The team will develop methods to accelerate the pace of discovery of genetic determinants for cardiovascular disease. They will develop new statistical machine learning tools to analyze morphological and functional parameters of the heart from clinical images, an approach that can be scaled to analyze millions of images. They will also develop machine learning tools based on enhanced iterative random forests (iRF) to identify genetic variants likely to account for some of the variation in cardiovascular morphology and function observed in their analysis of clinical images, utilizing publicly available large-scale clinical data sets and local patient cohorts. Finally, they will identify genetic variants responsible for functional phenotypes using cell-based in vitro model systems.

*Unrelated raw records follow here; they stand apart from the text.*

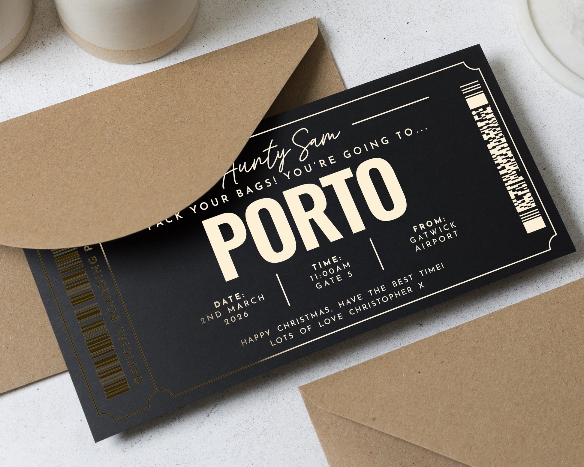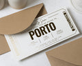 Surprise your aunty with a personalised holiday reveal ticket to Porto! This navy and gold foil boarding pass design is perfect for Christmas or any special occasion, featuring a scratch to reveal panel for an extra special touch.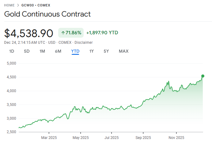 金价突破 4,500 美元再创新高,受地缘政治局势升级及美国降息预期影响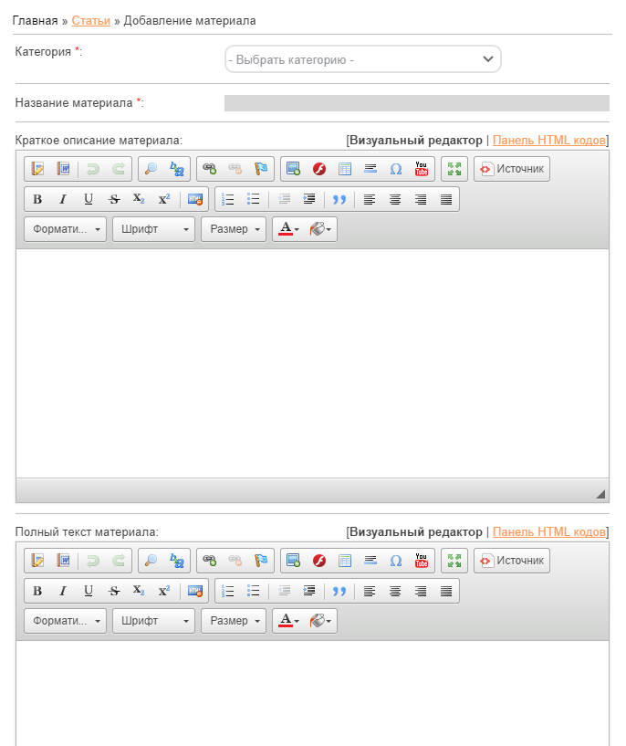 Добавление статьи через панель управления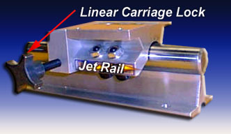 According to the company, all metal construction and a unique center locking feature make the Linear Carriage Lock a durable product that will provide years of dependable service. The lock centers itself evenly onto the shaft and there is no undue pressure placed on the bearing when locking to the shaft. When the thumb wheel is tightened, brass inserts contact the shaft from both sides to prevent marring and abrasions. Most other designs tighten from one side only, putting pressure against the opposite side of the bearing, pulling it against the shaft and possibly damaging the shaft or bearing. |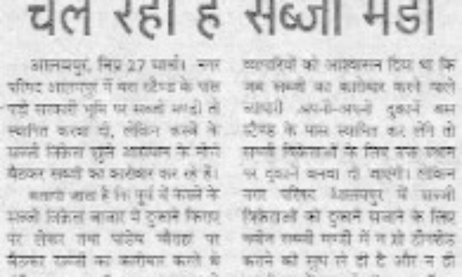 आलमपुर में सब्जी का व्यापार करने वालों की इस समस्या को लेकर स्वदेश संवाददाता ने गत 27 मार्च के अंक में 'खुले आसमान के नीचे चल रही है सब्जी मण्डी' नामक शीर्षक से खबर प्रकाशित की तो नगर परिषद प्रशासन कुंभकर्णी नींद से जाग गया। बताया जाता है कि बस स्टैण्ड के समीप पड़ी जिस शासकीय भूमि पर सब्जी विक्रेता सब्जी का कारोबार करते हैं, उस भूमि पर नगर परिषद द्वारा टीनशेड का निर्माण कार्य प्रारंभ करा दिया गया है। सब्जी मण्डी में टीनसेड लग जाने के पश्चात सब्जी विक्रेताओं को धूप व बारिश से होने वाली परेशानी से निजात मिलेगी।
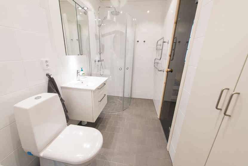 Badeværelse 1 = bruser/WC/sauna. Badeværelse 2 = bruser/WC.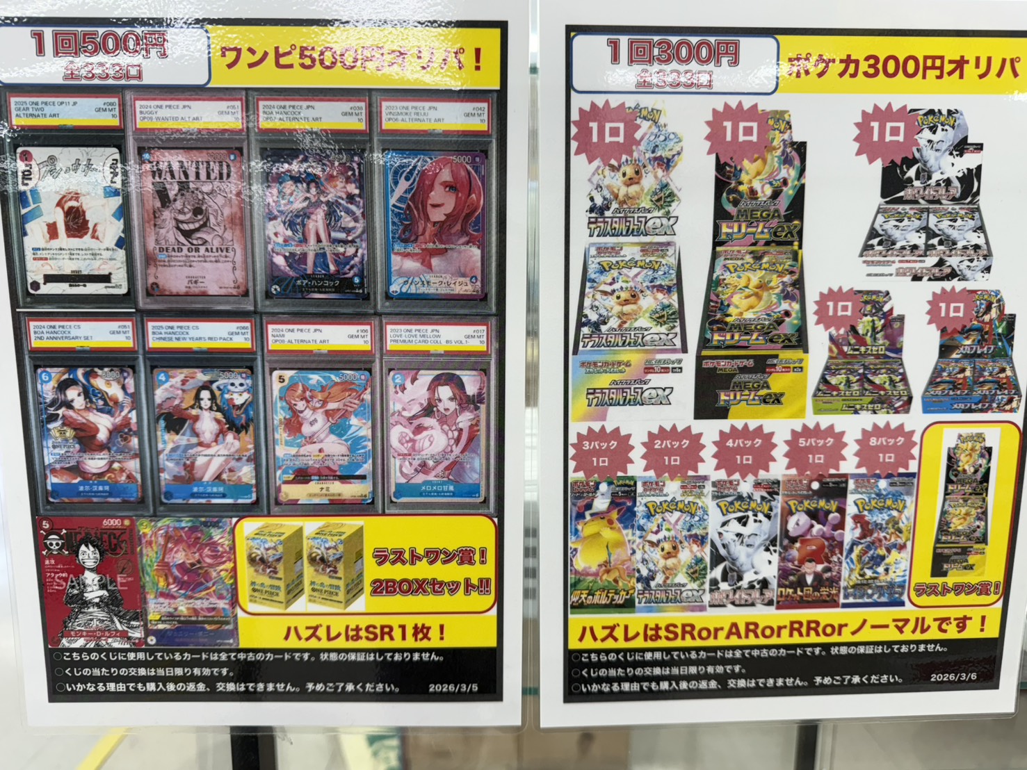 【鈴鹿店】カードコーナーより🐱 オリパ販売情報! 万代書店鈴鹿店 鈴鹿店 カード 2026年3月7日 カードコーナーより🐱! ポケカオリパ発売中! 1回300円 全333口 テラスタルフェスやホワイトフレアなどが当たるチャンス✨ ラストワン賞はMEGAドリームです(*’ω’*)✨ ワンピオリパ発売中! 1回500円 全333口 ルフィやバギーやハンコックのPSA10などが当たるチャンス✨ ラストワン賞は神の島の冒険2BOXセットです(*’ω’*)✨

Social network analysis of neuroimmune interactions in the developing human brain
Tomasz Nowakowski (UCSF); Alex Pollen (UCSF); David Schaffer (Berkeley); Alice Ting (Stanford); Chun Jimmie Ye (UCSF); James Zou (Stanford), Project Leaders. Kole Roybal (UCSF); James Wells (UCSF), Collaborators.
The team seeks to develop scalable technologies for studying intercellular interactions in the human brain. They will establish a panel of synthetic antibodies that recognize distinct cell types in the human brain and develop tools (“molecular flight recorders”) to monitor and record the history of single cells as they respond to signals and interact with neighboring cells. The team will apply these tools to understand how the specialized innate immune cells in the brain (microglia) interact with other types of brain cells, interactions that have been proposed to play a key role during normal brain development and in psychiatric and neurodegenerative diseases. The tools and technologies developed by the team will be broadly applicable to study interactions between many cell types in diverse organs and tissues.